3.02.2018

finished reading

I LOVE THIS BOOK! It begins with the birth in 1945 and advances by sevens through the years of Cyril Avery's life. I laughed. I cried. I was outraged at the intolerance of society. I was drawn into the story. A theme of the novel is Cyril's homosexuality. A theme of the novel is love--family, friends, and romantic. It's a poignant and somewhat intense look at man's hidden desires, and in this case, the man is Cyril. And I would add that Ireland is as much a character as any person in the book. The evolution of Cyril is the evolution of Ireland.

From the publisher:
Cyril Avery is not a real Avery or at least that’s what his adoptive parents tell him. And he never will be.
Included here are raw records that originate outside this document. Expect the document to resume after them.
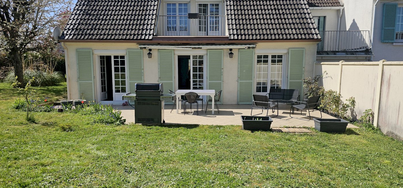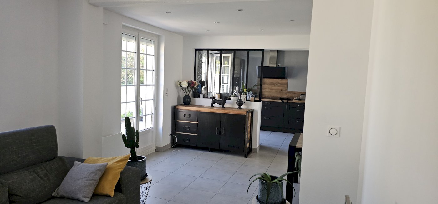 Vend maison avec intérieur entièrement rénové située dans un cadre verdoyant et paisible, espace extérieur arboré avec grande terrasse et store banne.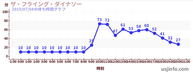 • ザ・フライング・ダイナソー$B$N(B2019年07月04日の待ち時間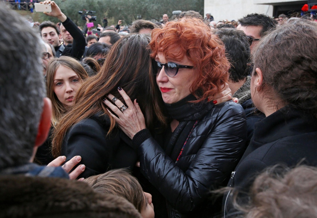 Fiorella Mannoia abbraccia la seconda moglie di Pino Daniele, Fabiola Sciabbarrasi, al termine dei funerali del cantautore al Santuario del Divino Amore, Roma, 7 gennaio 2015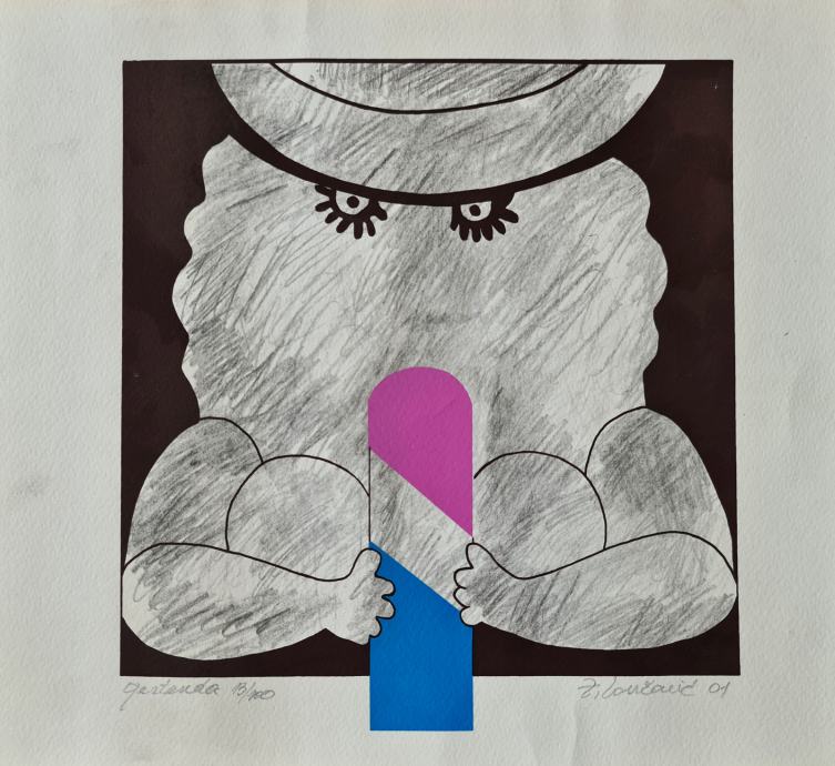 Zvonimir Lončarić "Lizalica" svilotisak olovka 30x35cm; iz 2001. god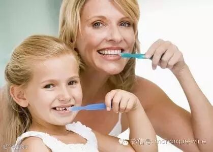 红葡萄酒色素更容易黏着在牙垢上,同时也为了防止牙膏的味道影响品酒,所以尽量在品尝葡萄酒之前1个小时刷牙,切记千完不要在喝完酒后马上刷牙,酒中的酸会软化牙齿珐琅质,刷牙反而会造成长期染色的可能。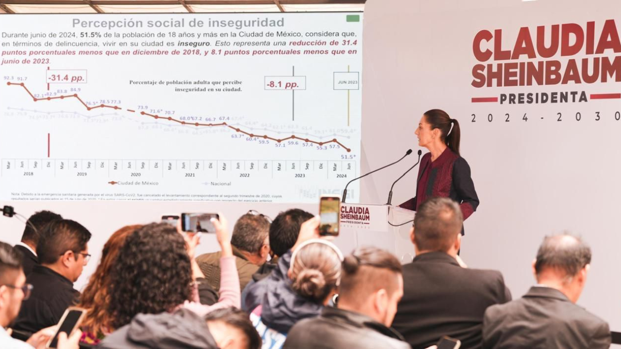 "México ha avanzado en disminución de la inseguridad y vamos a avanzar todavía más", destacó Manifestación de la oposición contra la representación de la 4T en el Congreso, es para pedirle al INE que viole la Constitución, afirmó la virtual Presidenta electa Hoy en día, las mexicanas y mexicanos se sienten más seguros que en 2018, aseguró la virtual Presidenta electa, Claudia Sheinbaum Pardo, tras presentar los resultados de la más reciente Encuesta Nacional de Seguridad Urbana (ENSU) que realiza el Instituto Nacional de Geografía y Estadística (INEGI). "Más allá de los propios datos que claramente muestran la disminución de [...]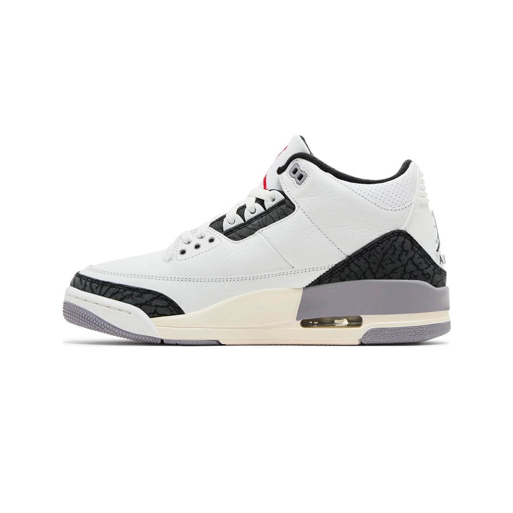 • Classic 'Cement Grey' Colorway: Features a versatile grey leather upper with contrasting black and white accents, staying true to the Air Jordan 3's heritage.

But if he isn’t a real Avery, then who is he?

Born out of wedlock to a teenage girl cast out from her rural Irish community and adopted by a well-to-do if eccentric Dublin couple via the intervention of a hunchbacked Redemptorist nun, Cyril is adrift in the world, anchored only tenuously by his heartfelt friendship with the infinitely more glamorous and dangerous Julian Woodbead.

At the mercy of fortune and coincidence, he will spend a lifetime coming to know himself and where he came from – and over his three score years and ten, will struggle to discover an identity, a home, a country and much more.